I may be totally wrong. Maybe Hollywood had an original idea for once, and this isn’t just Dances with the Surrogate Matrix Wolves. But it’s fun to try to guess. If it’s not an attack on the imaginary Military-Industrial Complex, it will be a shock worse than the end of The Crying Game.
Seriously, what point would there be in a movie where the Marine thinks everything is swell, slaughters as many aliens as possible, and then retires to a trailer park? Where is the plot in that? That wouldn’t be good fiction. That would be life.
Some day I want to see a movie about a liberal doofus who goes to work for ACORN because he’s totally brainwashed, recovers his sanity, and becomes a righteous plant for Front Page Magazine. Or a movie about a Marine who gets to know a bunch of blue aliens, decides they’re incredible jerks, and sleeps soundly in the knowledge that he is fighting a bunch of creeps.
I think that in a movie of the Avatar type, the people who look and act most like hippies are likely to be the heroes. Also, they look like cats. And you know how liberals love cats.
This is Almost Unnecessary
Why does life have to be so predictable?
From a review of Avatar:
There is no underlying novel or myth to generate his story. He certainly draws deeply on Westerns, going back to “The Vanishing American” and, in particular, “Dances With Wolves.” And the American tragedy in Vietnam informs much of his story. But then all great stories build on the past
Translation: “I am a hippie and I never get tired of stale hippie myths.”
The story takes place in 2154, three decades after a multinational corporation has established a mining colony on Pandora, a planet light years from Earth. A toxic environment and hostile natives — one corporate apparatchik calls the locals “blue monkeys” — forces the conglom to engage with Pandora by proxy.

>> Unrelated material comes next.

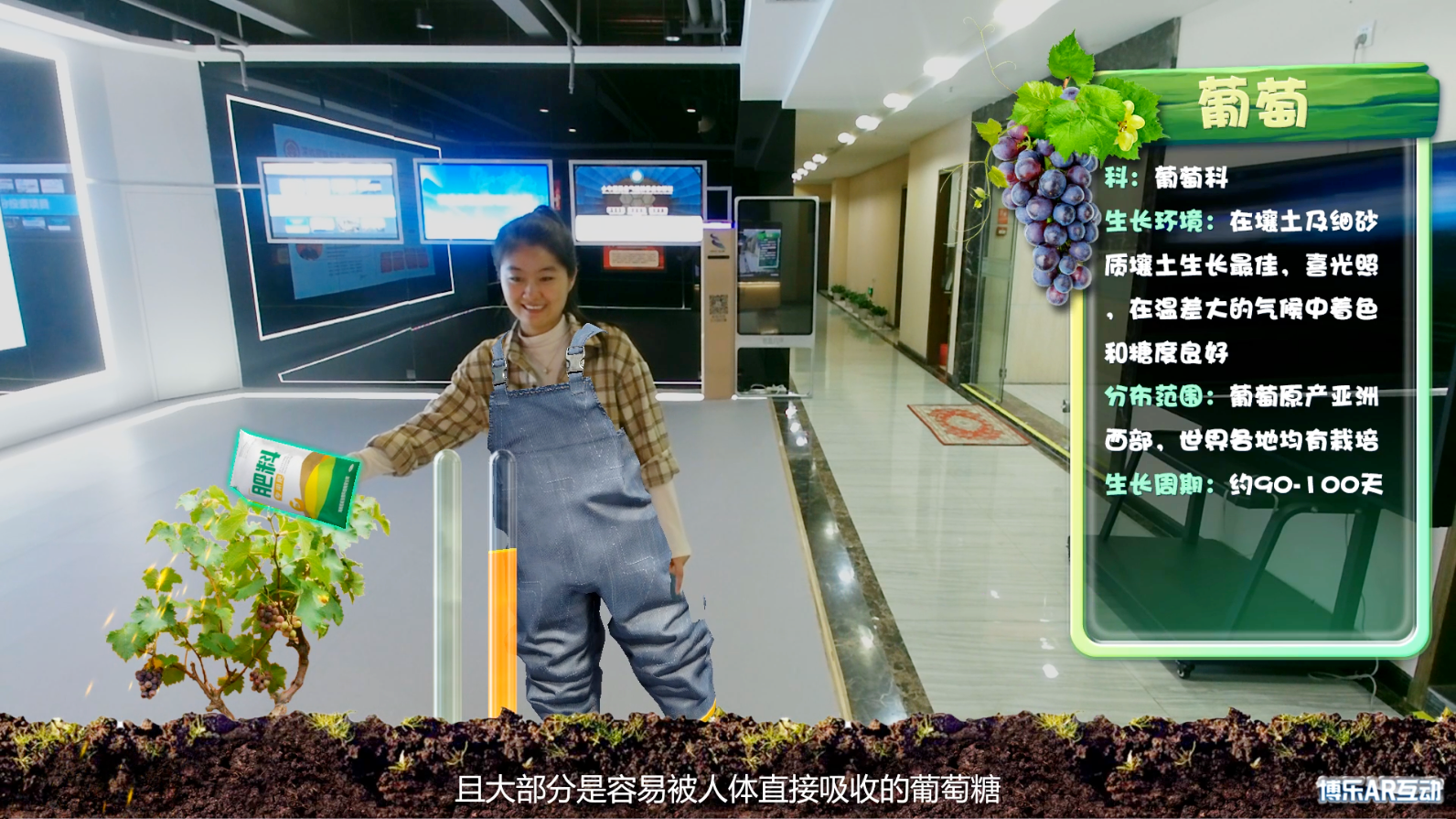 《AR农场》以互动形式让体验者亲近大自然,当你站在屏前,即可选择你喜爱的果蔬,了解果蔬的生长过程及生长规律,尤其是城市中的孩子,在互动中认识农作物,激发孩子们对植物世界的探索兴趣。目前我们AR农场共有20余种果蔬随机掉落,未来也会持续增加。

Later, Al Franken moves to Pandora and gets himself elected Senator by means of a series of hallucinogen-assisted vote recounts.
How come entertainment-industry hacks are never called “apparatchiks”?
But as Jake . . .
Stop. “Jake”? This is one of the movie names I banned a few years ago, along with “Stryker” and “Devlin.” No Jakes. No exceptions. A court of inquiry must be held. The guilty will be punished with soap and Debbie Boone CDs.

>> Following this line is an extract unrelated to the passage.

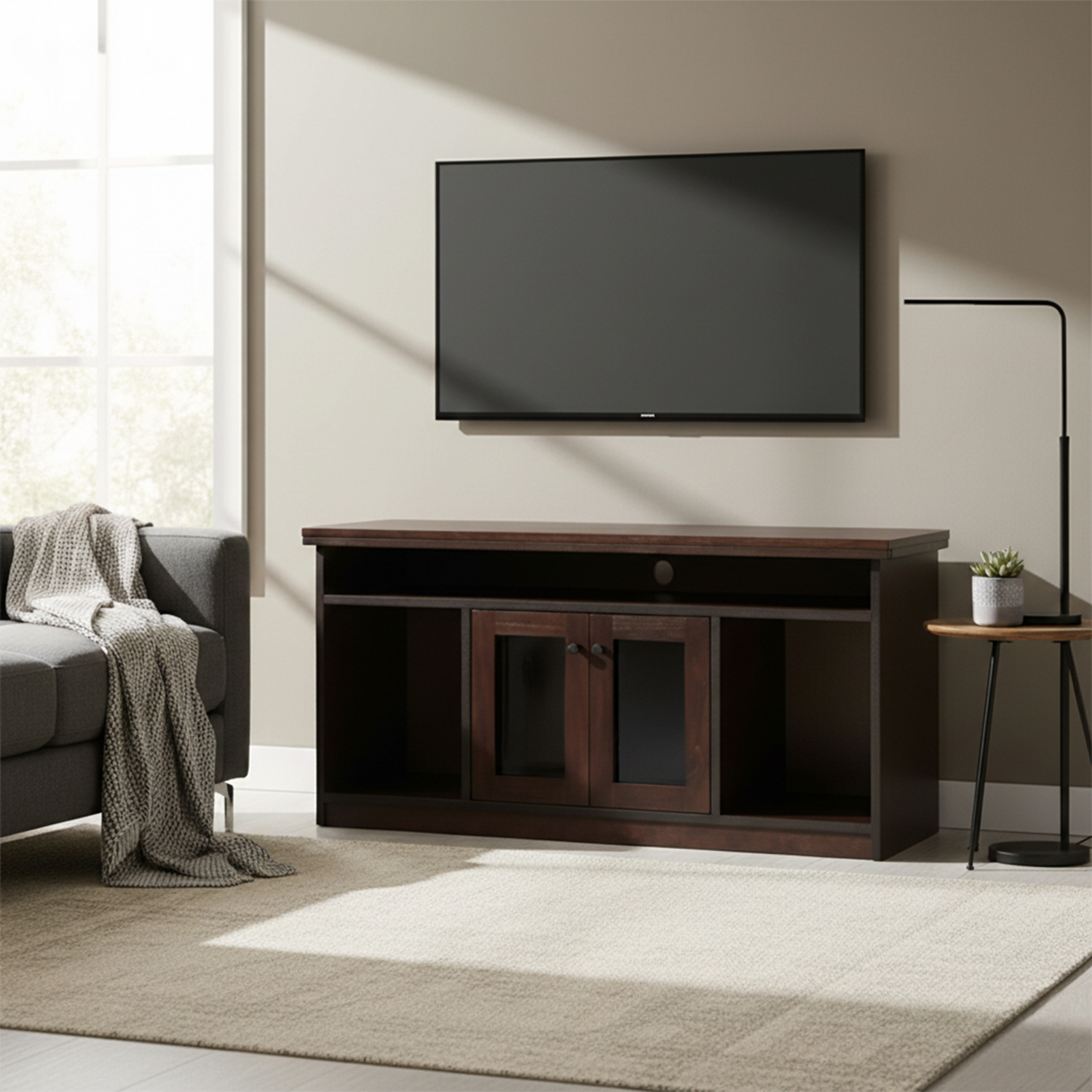 Mueble Aparador con estilo minimalista. Incluye puertas vidriadas con tiradores metálicos. Permite organizar equipos de TV, Audio, Consolas y otros. Fabricado en madera sólida de pino radiata.

But as Jake comes to see things through Neytiri’s eyes, he hopes to establish enough trust between the humans and the natives to negotiate a peace. But the corporation wants the land the Na’vi occupy for its valuable raw material so the Colonel sees no purpose in this.
“Neytiri”? That’s a name for girl who wears jewelry in her nose and writes “face painter” in the “occupation” box on her 1040. Neytiri is an annoying vegetarian. Bet on it.
The only question is: How will Cameron ever top this?
Maybe he can do something even more original, like a buddy movie. Or how about The Three Musketeers, featuring the Blue Man Crew?